→ Data extract:
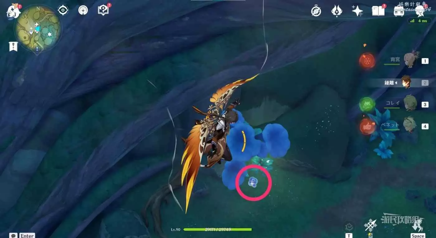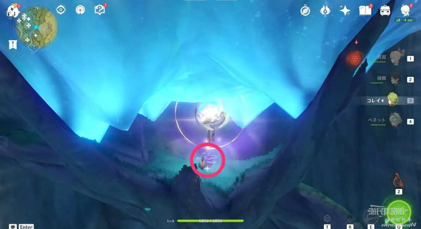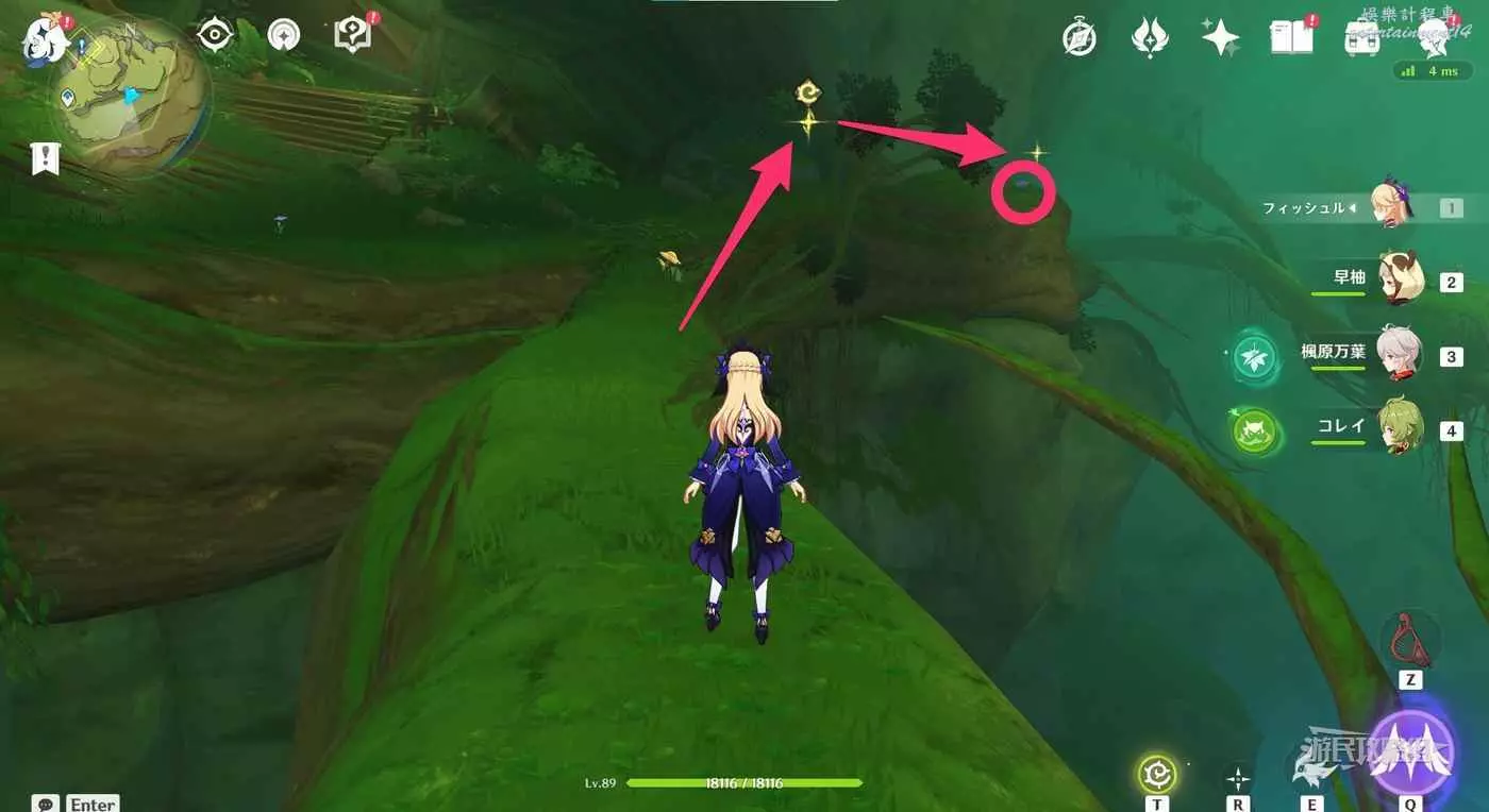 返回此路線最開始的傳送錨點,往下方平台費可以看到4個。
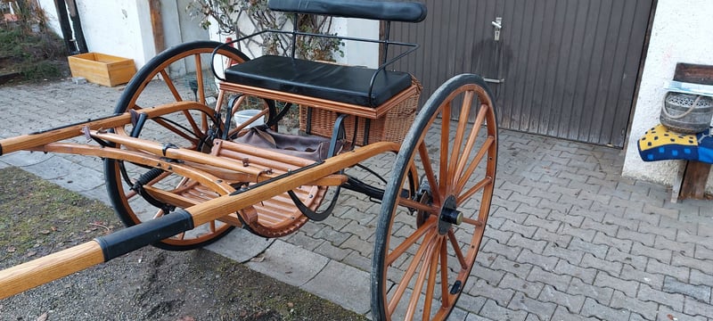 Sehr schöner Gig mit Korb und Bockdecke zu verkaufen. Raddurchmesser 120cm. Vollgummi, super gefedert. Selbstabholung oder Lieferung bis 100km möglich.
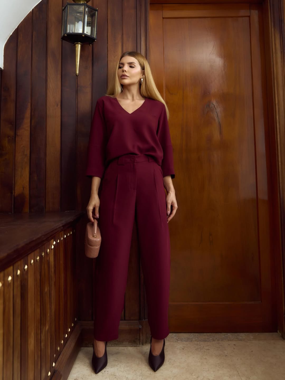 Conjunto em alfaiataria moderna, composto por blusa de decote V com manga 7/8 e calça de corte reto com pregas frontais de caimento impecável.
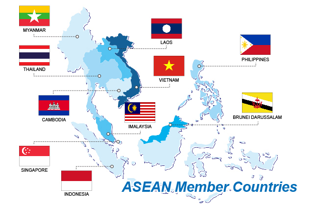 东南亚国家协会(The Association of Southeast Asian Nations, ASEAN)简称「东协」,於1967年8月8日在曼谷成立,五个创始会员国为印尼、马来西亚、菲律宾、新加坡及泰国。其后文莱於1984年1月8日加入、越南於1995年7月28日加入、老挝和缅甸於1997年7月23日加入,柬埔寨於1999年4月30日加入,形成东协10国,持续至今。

→ Directions: Every line above should be copied exactly; do not carry over the pictures.

→ Your response:
 返回此路線最開始的傳送錨點,往下方平台費可以看到4個。
 Sehr schöner Gig mit Korb und Bockdecke zu verkaufen. Raddurchmesser 120cm. Vollgummi, super gefedert. Selbstabholung oder Lieferung bis 100km möglich.
 Conjunto em alfaiataria moderna, composto por blusa de decote V com manga 7/8 e calça de corte reto com pregas frontais de caimento impecável.
 东南亚国家协会(The Association of Southeast Asian Nations, ASEAN)简称「东协」,於1967年8月8日在曼谷成立,五个创始会员国为印尼、马来西亚、菲律宾、新加坡及泰国。其后文莱於1984年1月8日加入、越南於1995年7月28日加入、老挝和缅甸於1997年7月23日加入,柬埔寨於1999年4月30日加入,形成东协10国,持续至今。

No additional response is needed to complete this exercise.